Él se la devolvió y asintió, esperando que la expresión de su rostro no revelara las conjeturas en que estaba sumido. Jefa de la sección de concesión de préstamos.


Era un puesto clave. El más conveniente para quien se propusiera estafar al gobierno, y alguien tan malvado como Deedee Divine...


No escuchó una palabra de la charla del presidente, ninguna pregunta de los demás periodistas, ninguna respuesta de los empleados del Estado. Nada, hasta que el presidente se refirió a Paula.


—La señorita Paula Chaves, que empezó a trabajar con nosotros gracias a excelentes recomendaciones y después de hacer un máster en la Universidad de Stanford, viene haciendo un trabajo excelente y está aquí para explicarles nuestra política de préstamos y responder a las preguntas que puedan tener.


Paula se levantó para hacer frente al público. 


Era una Paula Chaves que él no conocía. Era una mujer competente y con gran seguridad en sí misma, eficaz y, para su sorpresa, muy tranquila. ¿Acaso no sabía que se enfrentaba a una sala llena de tiburones, listos para comérsela viva gracias al asunto de Eric Saunders?




jueves, 8 de febrero de 2018

BAILARINA: CAPITULO 23





BRIAN, el reportero que trabajaba para Pedro, levantó la cabeza del montón de periódicos y papeles que cubría su mesa.

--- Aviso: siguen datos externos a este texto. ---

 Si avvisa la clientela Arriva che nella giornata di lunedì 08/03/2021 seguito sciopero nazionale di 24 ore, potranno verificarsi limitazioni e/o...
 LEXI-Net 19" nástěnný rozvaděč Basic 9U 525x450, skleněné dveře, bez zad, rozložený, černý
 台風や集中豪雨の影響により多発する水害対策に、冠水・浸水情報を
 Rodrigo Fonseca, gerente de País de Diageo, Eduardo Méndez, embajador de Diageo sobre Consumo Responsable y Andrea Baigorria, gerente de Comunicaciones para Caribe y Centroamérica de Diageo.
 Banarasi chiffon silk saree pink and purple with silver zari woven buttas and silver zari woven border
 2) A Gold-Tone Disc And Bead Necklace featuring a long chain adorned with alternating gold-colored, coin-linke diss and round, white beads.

—Tendríamos que comprobar esto de nuevo, Pedro. La vieja controversia vuelve a florecer.


Pedro, que estaba examinando unas pruebas que le acababa de dar su secretaria, no lo miró. Fue su secretaria, Ginger, una joven de color, alta y atractiva, quien preguntó:
—¿Qué controversia?


—Grandes o pequeñas empresas —respondió Brian—. De acuerdo con Sam Peterson, director de la Asociación de Fabricantes de Automóviles, la Comisión del Estado de California para el Desarrollo Económico, debería examinar sus prioridades. Dice que un aumento de las exenciones fiscales atraería a empresas consolidadas, generando más empleos y muchos millones de dólares, que podrían cubrir las pérdidas que la Comisión tiene debido a los préstamos a pequeñas empresas.


Ginger, dio un respingo.


—Cerdo prepotente. ¿De dónde ha sacado sus estadísticas?

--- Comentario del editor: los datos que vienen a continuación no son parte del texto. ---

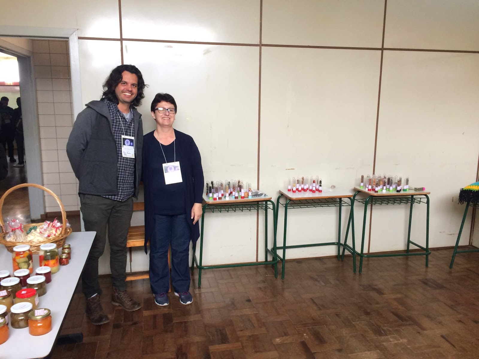 Na Casla também pode-se realizar a “1ª Feira de Sabores e Sementes”, as sementes e produtos coletados nas comunidades, deram-se em períodos anteriores, durante as atividades de pesquisa do Grupo Interconexões-UEPG. Efetivou-se a comercialização da produção das três comunidades tradicionais ao qual o evento foi ambientado e de agricultores familiares da comunidade Sete Saltos de Cima, vizinha ao quilombo e faxinal que também são foco do projeto de pesquisa e extensão (Figura 02). Além deles comercializarem seus produtos diretamente ao consumidor, nesta ocasião os sujeitos comunitários oportunizaram a exposição de saberes-fazeres (Foto 08) através das oficinais de práticas culturais com a confecção da canjica com cinza no pilão (PEREIRA, 2018) e a confecção de cuia em porongo e a bomba de bambu, posteriormente, com o material pronto os participantes constituíram uma roda de chimarrão (MARTINS, 2018).

Brian le dirigió una mirada maliciosa y se ajustó las gafas, luego dobló un periódico y comenzó a leer.


—El número de pequeñas empresas en bancarrota auspiciadas por el Estado es deplorable. La laxitud en los procedimientos de financiación de las pequeñas empresas ha puesto muchos negocios en manos de personas sin experiencia, con el resultado de que muchas de ellas han quebrado o han empezado a caer en prácticas fraudulentas como en el caso de...


—Cállate. Lo que a ti te gustaría es que la economía estuviera en las mismas manos de siempre, en las del hombre blanco y poderoso.

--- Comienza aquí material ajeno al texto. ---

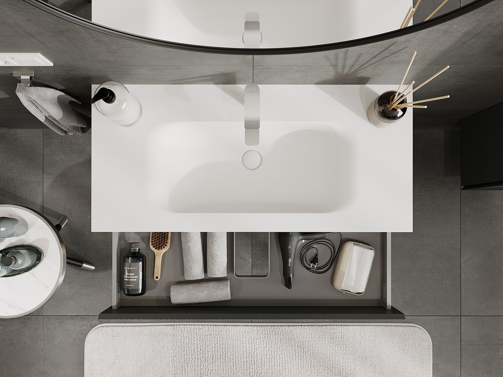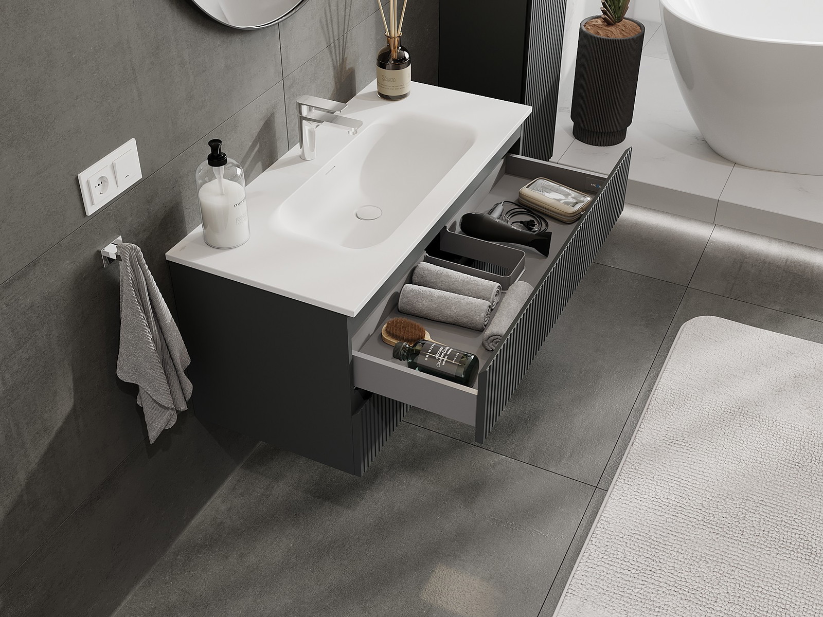 Výrez v zásuvke je navrhnutý tak, aby pojal sifón, ktorý je nevyhnutný v umývadlových inštaláciách. Vďaka tomu môže byť nábytok namontovaný plne funkčne, bez nutnosti vzdávať sa priestoru v zásuvke v prospech inštalácie.

—¿Yo? Conmigo no te metas, sólo estoy citando a los expertos.


Pedro prestaba poca atención a aquella disputa. 


Estaba acostumbrado a las discusiones sin mala intención entre su joven reportero, rubio y de ojos azules, y su secretaria, que, compelida por raza y sexo, siempre tomaba partido por las minorías. Pedro escribió unas cuantas notas en la prueba y se la devolvió.


—Antes de mandarlo, mete esta frase y cambia la última línea por ésta otra.


—De acuerdo, jefe. Pero, ¿quiere decirle a nuestro «señor Estúpido» que un garbanzo negro no estropea todo el cocido?


—¿Qué garbanzo negro en qué cocido?


—Se refiere a Eric Saunders —dijo Brian—. El tipo que estafó doscientos mil dólares a la Administración del Estado. Y no puedes decir que yo esté contra las minorías, Ginger. Eric Saunders es blanco.


—Pero es que tú no te refieres a él —dijo Ginger—. Hablas de él para justificar el cierre de la Agencia.


—No, señorita Sabelotodo. Lo que estoy diciendo es que cuando a una agencia la puede estafar tan fácilmente un muerto de hambre como ése, hay algo podrido en ella. Y lo mejor es comprobarlo por nosotros mismos. Jefe, eche un vistazo a esto —dijo dejando unos papeles en la mesa de Pedro. Luego se volvió a Ginger—. Venga, pobre mujer hambrienta. Te invito a una hamburguesa. ¿Te vienes, jefe?


Pedro, que había empezado a examinar los papeles, negó con la cabeza.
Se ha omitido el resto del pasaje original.